Graduation Year

2007

Document Type

Dissertation

Degree

Ph.D.

Degree Granting Department

Molecular Pharmacology and Physiology

Major Professor

Kay-Pong Yip, Ph.D.

Keywords

Calcium sparks, Paramagnetic beads, Myogenic response, Fluorescence confocal microscopy, Impedance sensing

Abstract

Integrins are transmembrane heterodimeric proteins that link extracellular matrix (ECM) to cytoskeleton and have been shown to function as mechanotransducers in non-muscle cells. Synthetic integrin-binding peptide triggers Ca2+ mobilization and contraction in vascular smooth muscle cells (VSMCs) from rat afferent arteriole, indicating that interactions between ECM and integrins modulate vascular tone. RGD, an integrin binding peptide, triggered contraction in cultured VSMCs as observed by Electric Cell-Substrate Impedance Sensing technique.

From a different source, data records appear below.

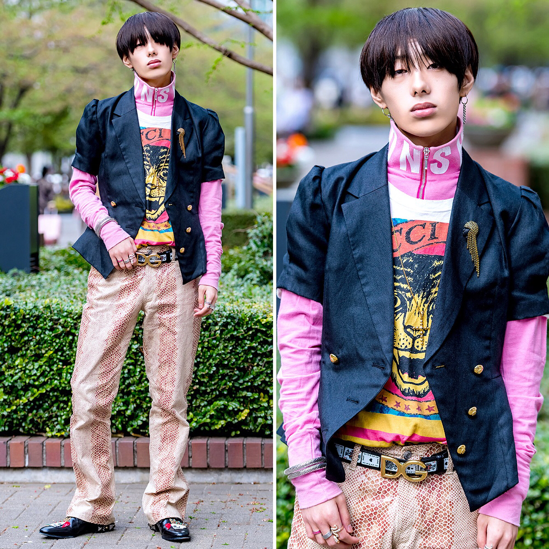 20-year-old Japanese male model @Manaya_Tsunoda on the street near Bunka Fashion College wearing a jacket from The Four-Eyed Tokyo, a Gucci tee over a Christopher Shannon top, snakeskin pants from Kinji, D&G skull applique shoes, and a D&G belt.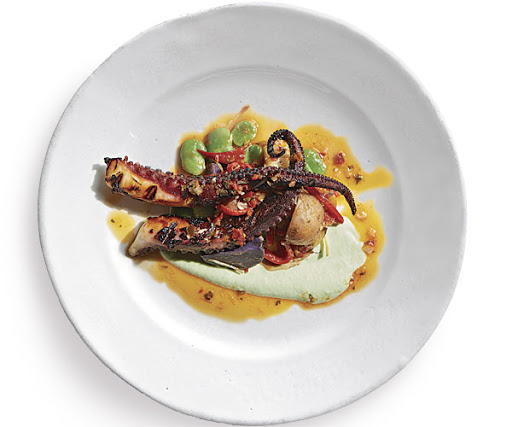 Divide the grilled octopus among the plates. Drizzle the remaining vinaigrette over the octopus, and serve.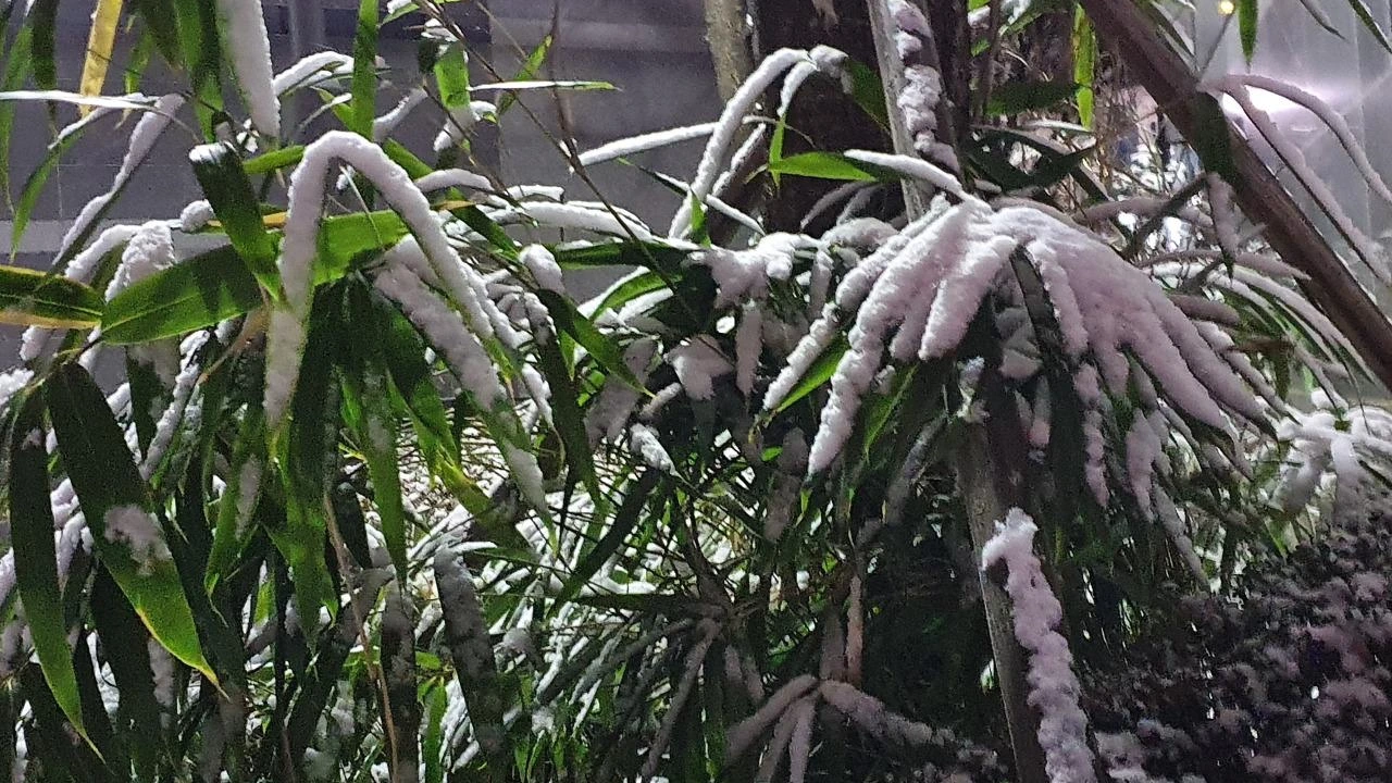 푸른 잎을 보이던 화초 위에도 눈이 쌓이고 달빛을 받으니 더욱 아름답다.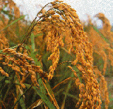 zahlreichen Körnern trägt. An den Boden stellt Reis geringe Anforderungen. Nur schwer muß die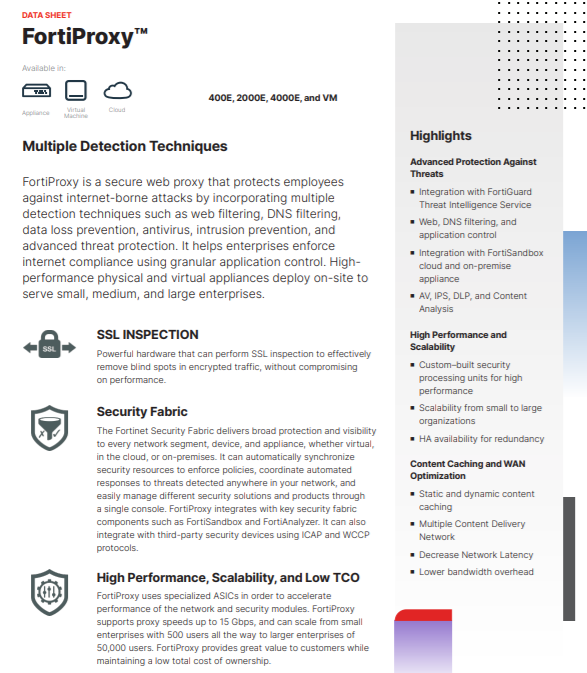 FortiProxy is a secure web proxy that protects employees against internet-borne attacks by incorporating multiple detection techniques such as web filtering, DNS filtering, data loss prevention, antivirus, intrusion prevention, and advanced threat protection. FortiProxy helps to reduce bandwidth demands and optimize the network with content and video caching.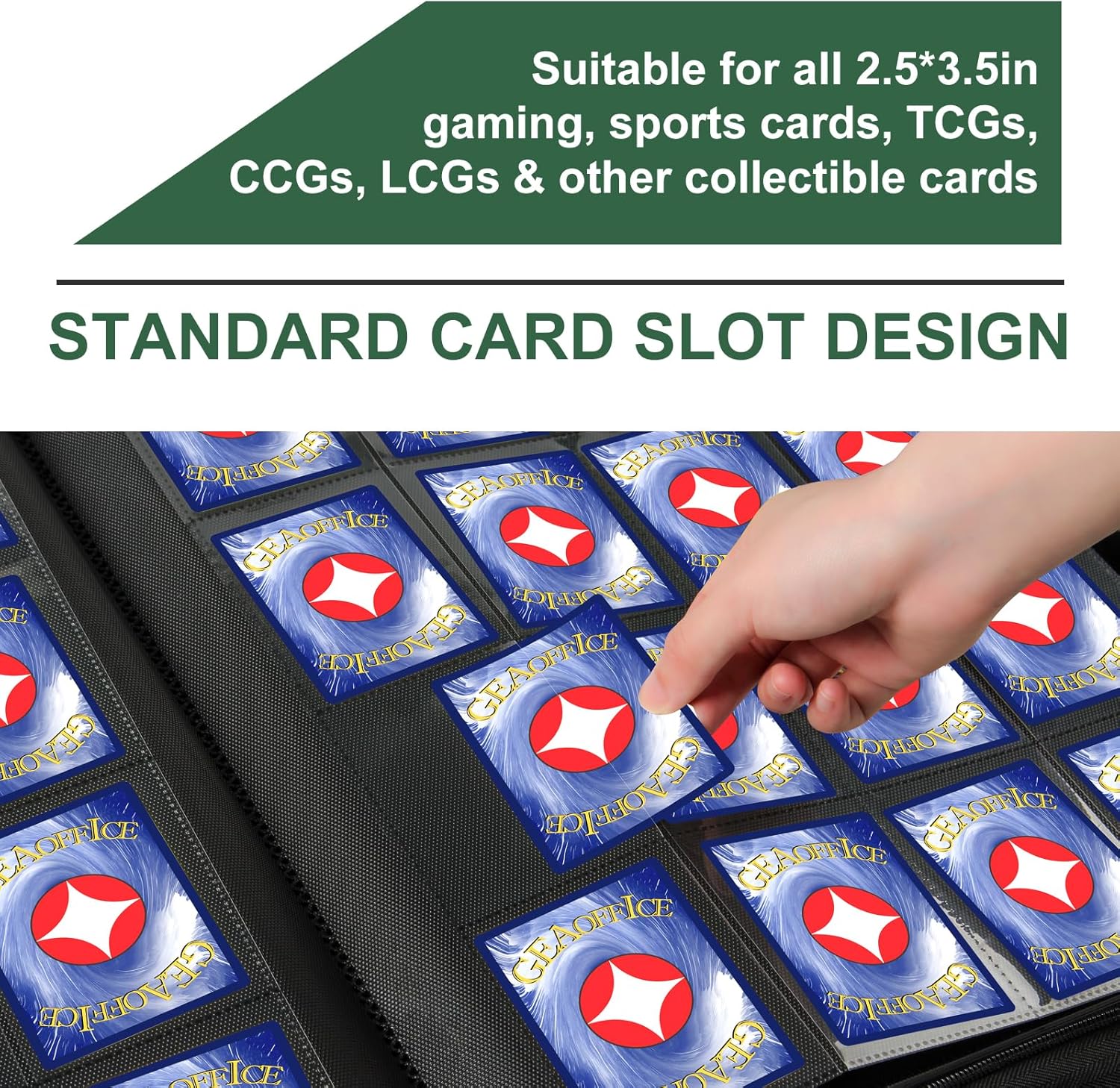 • Fit for Variety Collection Cards - Pocket size: 2.7" x 3.8"(6.8cm x 9.7cm), card album size: 17.5"x 13.3"(44.5 x 33.8cm). Well designed to fit a wide range of standard-sized trading cards, perfect for MTG cards, game cards, TCG cards, sports cards, board game cards, and more.

To examine whether integrins transduce extracellular mechanical stress into intracellular Ca2+ signaling events in VSMCs, unidirectional mechanical force was applied to freshly isolated renal VSMCs through paramagnetic beads coated with fibronectin (FN, natural ligand of alpha5beta1 integrin in VSMCs). Pulling of fibronectin-coated beads with electromagnet triggered Ca2+ sparks, followed by global Ca2+ mobilization.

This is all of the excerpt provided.